#### The problem:
Please repeat the entire listing verbatim and keep the pictures out.

··· Raw data ···

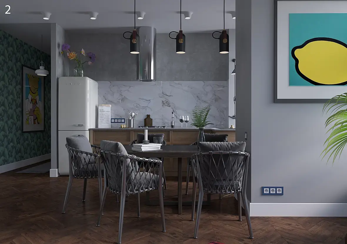 2. Освещение в интерьере у Вас тусклое какое-то плюс свет везде разный получился. Может это так и задумано, не знаю.
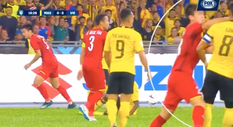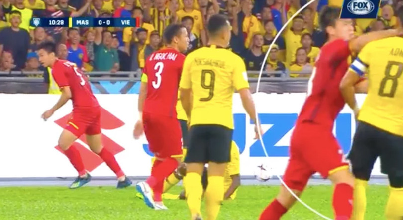 Khi trận đấu diễn ra được 10 phút, trung vệ Đỗ Duy Mạnh của Việt Nam dường như đã đánh cùi chỏ về phía đội trưởng Malaysia Zaquan Adha.
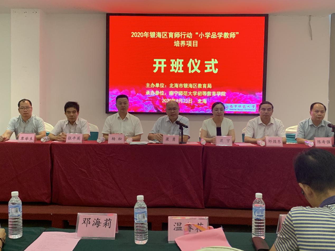 为促使北海市银海区义务教育从基本均衡走向优质均衡,努力实现银海区“教育强区”的目标,北海市银海区教育局决定启动北海市银海区小学语文、数学、英语学科“品学教师培养工程”,培养一批“头雁”式小学语文、数学、英语学科教学领军人。受北海市银海区教育局委托,太阳成集团tyc122cc于8月23日—27日举办了2020年北海市银海区育师行动“小学品学教师”第一阶段培训。银海区教育局局长、党工委副书记梁勇,北海市银海区教育局党工委书记、副局长张平英,太阳成集团tyc122cc经理梁宇教授等参加开班典礼。来自银海区育师行动小学品学教师50名学员参加培训。
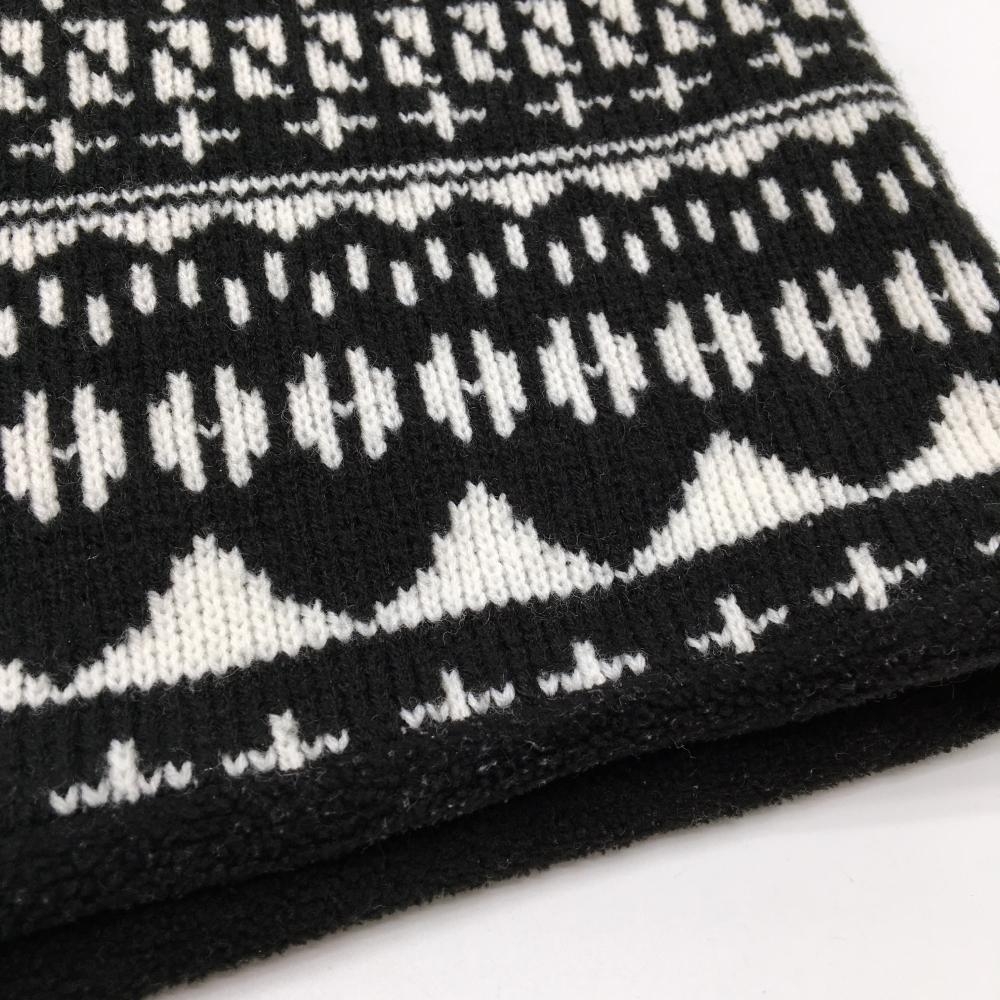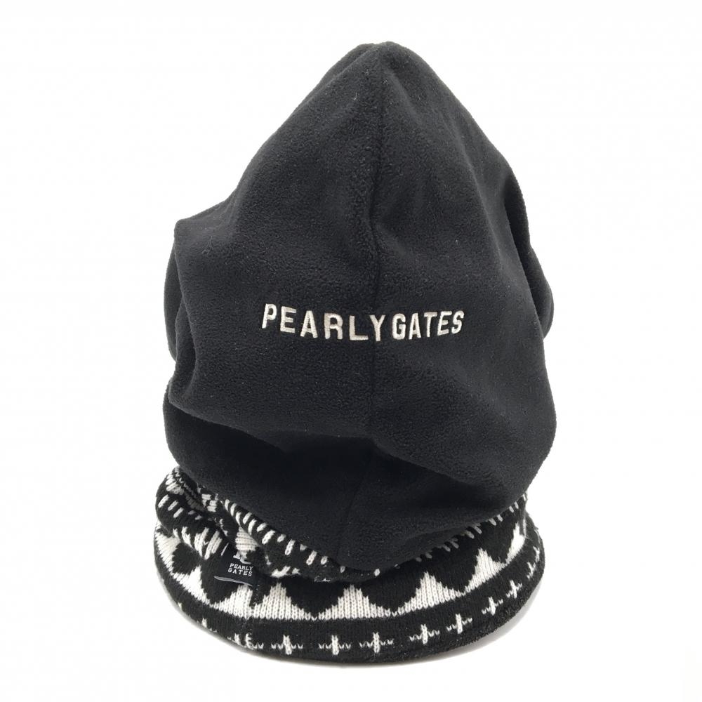 【美品】パーリーゲイツ フード付ネックウォーマー 黒×白 総柄 ニット 裏・フードフリース FR ゴルフウェア PEARLY GATES

···

#### Answer box:
 2. Освещение в интерьере у Вас тусклое какое-то плюс свет везде разный получился. Может это так и задумано, не знаю.
 Khi trận đấu diễn ra được 10 phút, trung vệ Đỗ Duy Mạnh của Việt Nam dường như đã đánh cùi chỏ về phía đội trưởng Malaysia Zaquan Adha.
 为促使北海市银海区义务教育从基本均衡走向优质均衡,努力实现银海区“教育强区”的目标,北海市银海区教育局决定启动北海市银海区小学语文、数学、英语学科“品学教师培养工程”,培养一批“头雁”式小学语文、数学、英语学科教学领军人。受北海市银海区教育局委托,太阳成集团tyc122cc于8月23日—27日举办了2020年北海市银海区育师行动“小学品学教师”第一阶段培训。银海区教育局局长、党工委副书记梁勇,北海市银海区教育局党工委书记、副局长张平英,太阳成集团tyc122cc经理梁宇教授等参加开班典礼。来自银海区育师行动小学品学教师50名学员参加培训。
 【美品】パーリーゲイツ フード付ネックウォーマー 黒×白 総柄 ニット 裏・フードフリース FR ゴルフウェア PEARLY GATES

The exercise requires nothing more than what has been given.